Didier Lombard (born 27 February 1942) is a French businessman. Between February 2005 and March 2010 he was chairman and CEO of France Télécom. In 2010 he resigned as CEO, retaining the chairmanship. Since 2012, he has been under indictment for criminal acts of "moral harassment" (harcèlement moral) for abusive human resource policies during his leadership at France Télécom alleged to have caused a number of suicides, leading to a criminal trial and his conviction in 2019.

==Early life==
He is a graduate of the École Polytechnique (Promotion X1962) and the Télécom Paris. He is also a doctor of economics and a general engineer of telecommunications.

==Career==
He began his career in 1967 at the National Center for Telecommunication Studies, where he worked on the development of new products related to satellite and mobile systems. From 1988 to 1990, he became Scientific and Technical Director at the Department of Research and Technology, and then General Director of Industrial Strategies at the Ministry of Economy, Finance and Industry. In 1993 he became director of Bull, in 1997 director of Thomson. At the same time, he holds the post of ambassador for international investment, president of the French Agency for International Investments until 2003, secretary general of the Strategic Council of information technology and vice-chair of the General Council of Information Technology from 2001 to 2003.

===France Telecom's chairman===
On 27 February 2005, Didier Lombard succeeded Thierry Breton at the head of France Telecom when Breton became Minister of the Economy. As France Telecom's chairman and chief executive officer, Didier Lombard continued the group reorganization policy initiated by Thierry Breton. The reorganization project presented and implemented by Lombard saw the suppression of 22,000 posts and the mobility of 10,000 workers over three years (2006–2008). This reorganization was done unilaterally, without consultation with the unions; it does not give rise to the conclusion and the implementation of an agreement for the provisional management of jobs and skills, nor to the establishment of a saving jobs plan.

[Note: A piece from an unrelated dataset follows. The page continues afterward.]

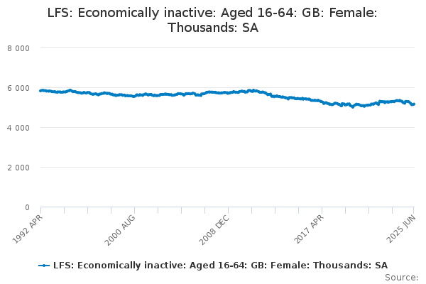 Download this time seriesLFS: Economically inactive: Aged 16-64: GB: Female: Thousands: SA
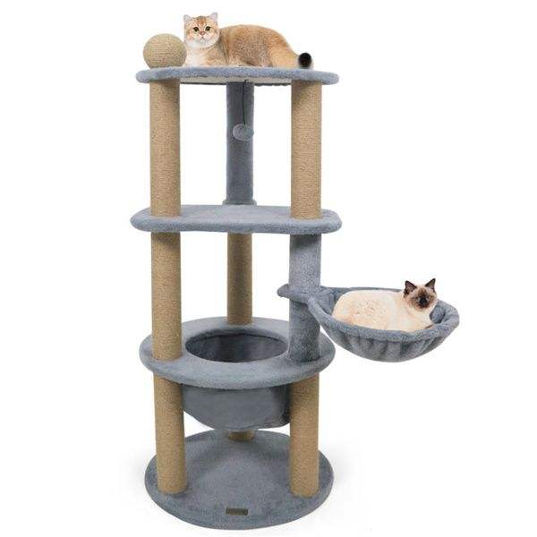 Torre para Gatos de 47 Pulgadas, Color Gris Claro, Multinivel, con Postes para Rascar, para Relajación y Juego

Lombard was indicted in 2012 for his management during the suicide wave of France Télécom employees (more than 60 between 2006 and 2009).

Lombard quit the presidency of the group in February 2011, a few months before the planned end of his term, but he remained on the payroll at France Télécom as a special advisor until he left the firm entirely in March 2011 due to the controversy surrounding him—and his €500,000 annual salary as an advisor. His trial began in May 2019, and in December 2019, he was found guilty and sentenced to one year in prison, of which 8 months suspended and to a €15,000 fine.

===After France Telecom===
Lombard assumed the chairmanship of the supervisory board of ST Microelectronics, a French-Italian semiconductor group of which he has been a director since 2004. He also sits on the boards of Thales, Technicolor (formerly Thomson) and Radiall.